In the business of shipping cargo internationally by water, we always seem to be living in interesting times. Today is no exception.

Today, we face continuing demands from customers for shorter and shorter delivery times that necessitate higher-velocity supply chains, while the assets — ships, terminals, trucks, and trains — that carry cargo continue to move slowly and unreliably. For example, container ships are on time only 75 to 80 percent of the time, and when they are late the average delay is 3.5 days. US intermodal train speeds are almost 12 percent lower in 2019 than they were in 2016. In many cases it now takes four or five days from vessel arrival to container out-gate, when it used to be 2 days. Truck wait times at marine facilities continue to be an industry issue. At the same time, consumers now expect the longest they have to wait for the delivery of a purchase is two days, and Amazon advertises deliveries within two hours.
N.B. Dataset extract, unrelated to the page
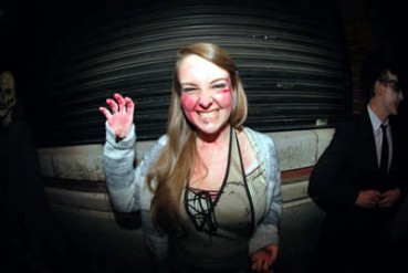 The staff of the Club having a spook out. Top marks go to Cree at the front with her sideways lunge of stare, which just trumps Davids Frankenface...
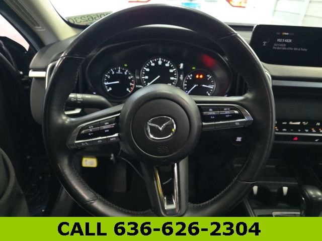 This Mazda CX-50 is well equipped with 4-Wheel Disc Brakes, 4.367 Axle Ratio, 8 Speakers, ABS brakes, Air Conditioning, Alloy wheels, AM/FM radio, AppLink/Apple CarPlay and Android Auto, Auto High-beam Headlights, Automatic temperature control, Brake assist, Bumpers: body-color, Delay-off headlights, Driver door bin, Driver vanity mirror, Dual front impact airbags, Dual front side impact airbags, Electronic Stability Control, Emergency communication system: MAZDA CONNECT, Exterior Parking Camera Rear, Front anti-roll bar, Front Bucket Seats, Front Center Armrest, Front dual zone A/C, Front reading lights, Front wheel independent suspension, Fully automatic headlights, Half Leatherette Seat Trim, Heated door mirrors, Heated Front Bucket Seats, Heated front seats, Illuminated entry, Knee airbag, Leather Shift Knob, Leather steering wheel, Low tire pressure warning, Occupant sensing airbag, Outside temperature display, Overhead airbag, Overhead console, Panic alarm, Passenger door bin, Passenger vanity mirror, Power door mirrors, Power driver seat, Power Liftgate, Power steering, Power windows, Radio data system, Radio: AM/FM/HD Audio System, Rain sensing wipers, Rear seat center armrest, Rear window defroster, Rear window wiper, Remote keyless entry, Speed control, Speed-sensing steering, Split folding rear seat, Spoiler, Steering wheel mounted audio controls, Tachometer, Telescoping steering wheel, Tilt steering wheel, Traction control, Trip computer, Turn signal indicator mirrors, Variably intermittent wipers, and Wheels: 17" x 7J Aluminum Alloy.

How can this issue be addressed by supply chain managers? There are two choices: A) Carry more inventory or B) Utilize enhanced visibility along your supply chain as a substitute for speed. In this case, plan (B) is a much better option, and new technology is making it a viable option. Using big data and machine learning, transportation providers can now predict with much greater accuracy where their cargo will be at any point in time and produce reliable vessel and door ETAs. This will allow supply chain managers to use predictive analytics to move from static “descriptive” visibility to “prescriptive” visibility and manage their cargo proactively to better meet their customers’ needs, while still controlling inventory and other supply chain costs.